**COLLECTED MATERIAL**

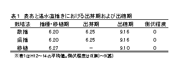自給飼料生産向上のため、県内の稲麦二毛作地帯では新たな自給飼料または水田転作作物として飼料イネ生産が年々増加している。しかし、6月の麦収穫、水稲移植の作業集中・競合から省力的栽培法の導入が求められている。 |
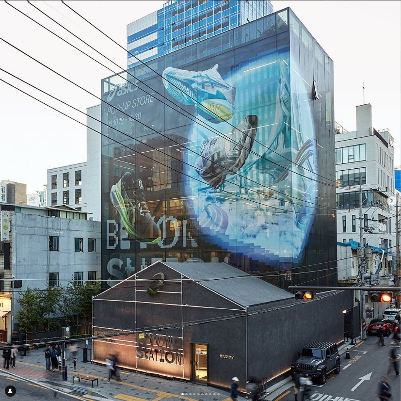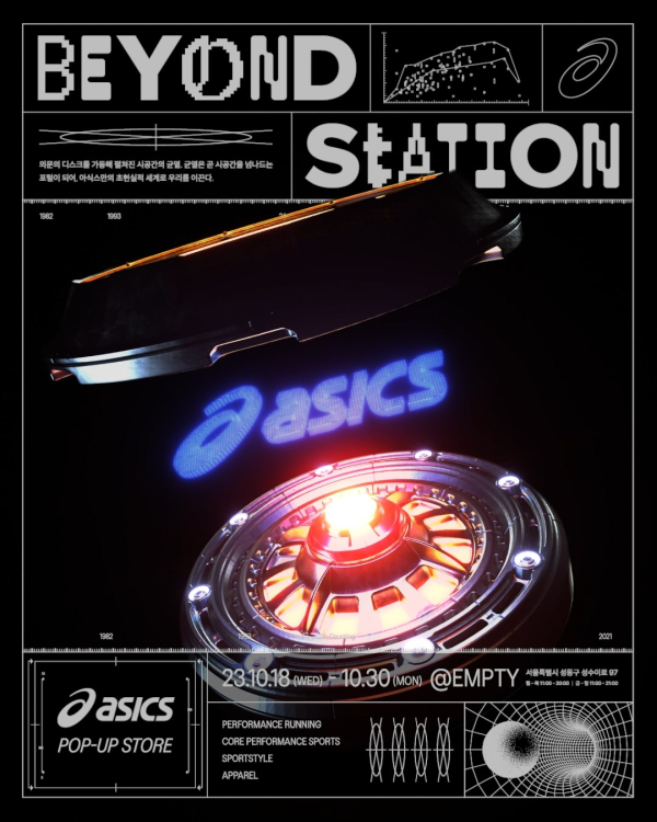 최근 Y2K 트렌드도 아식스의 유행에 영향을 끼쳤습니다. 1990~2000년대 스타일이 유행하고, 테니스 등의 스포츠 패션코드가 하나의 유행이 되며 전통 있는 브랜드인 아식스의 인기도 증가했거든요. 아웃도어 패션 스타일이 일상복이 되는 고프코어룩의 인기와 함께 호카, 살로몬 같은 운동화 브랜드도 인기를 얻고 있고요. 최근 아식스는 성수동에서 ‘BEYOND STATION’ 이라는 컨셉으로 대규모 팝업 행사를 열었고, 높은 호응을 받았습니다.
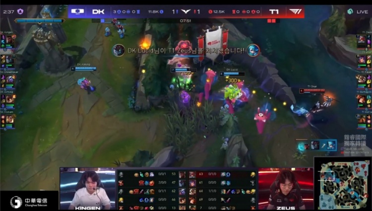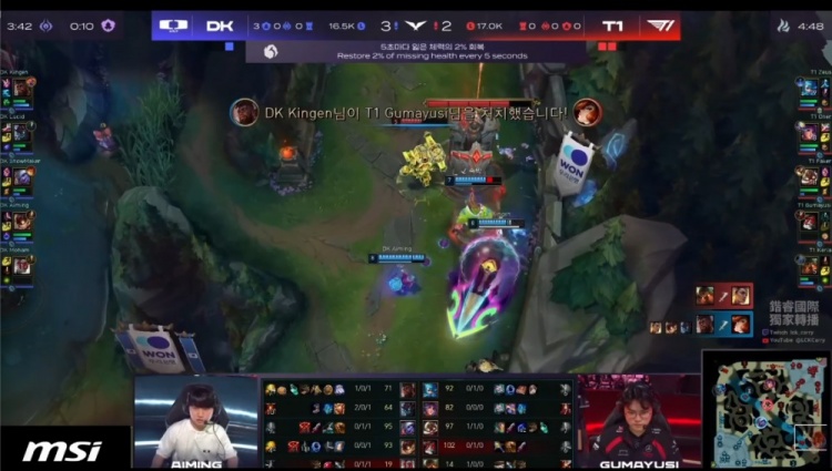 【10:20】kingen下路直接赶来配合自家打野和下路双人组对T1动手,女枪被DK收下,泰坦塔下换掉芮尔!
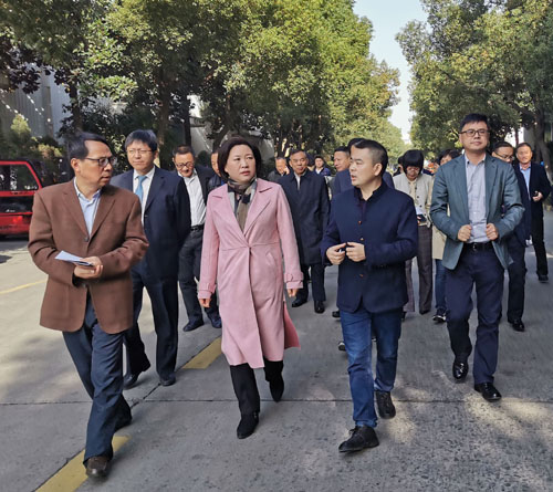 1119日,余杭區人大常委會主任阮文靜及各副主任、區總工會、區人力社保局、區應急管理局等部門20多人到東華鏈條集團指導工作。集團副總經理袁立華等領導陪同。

**WORK INSTRUCTION**
Output all of the data exactly. Skip the pictures.

**RESPONSE**
自給飼料生産向上のため、県内の稲麦二毛作地帯では新たな自給飼料または水田転作作物として飼料イネ生産が年々増加している。しかし、6月の麦収穫、水稲移植の作業集中・競合から省力的栽培法の導入が求められている。 |
 최근 Y2K 트렌드도 아식스의 유행에 영향을 끼쳤습니다. 1990~2000년대 스타일이 유행하고, 테니스 등의 스포츠 패션코드가 하나의 유행이 되며 전통 있는 브랜드인 아식스의 인기도 증가했거든요. 아웃도어 패션 스타일이 일상복이 되는 고프코어룩의 인기와 함께 호카, 살로몬 같은 운동화 브랜드도 인기를 얻고 있고요. 최근 아식스는 성수동에서 ‘BEYOND STATION’ 이라는 컨셉으로 대규모 팝업 행사를 열었고, 높은 호응을 받았습니다.
 【10:20】kingen下路直接赶来配合自家打野和下路双人组对T1动手,女枪被DK收下,泰坦塔下换掉芮尔!
 1119日,余杭區人大常委會主任阮文靜及各副主任、區總工會、區人力社保局、區應急管理局等部門20多人到東華鏈條集團指導工作。集團副總經理袁立華等領導陪同。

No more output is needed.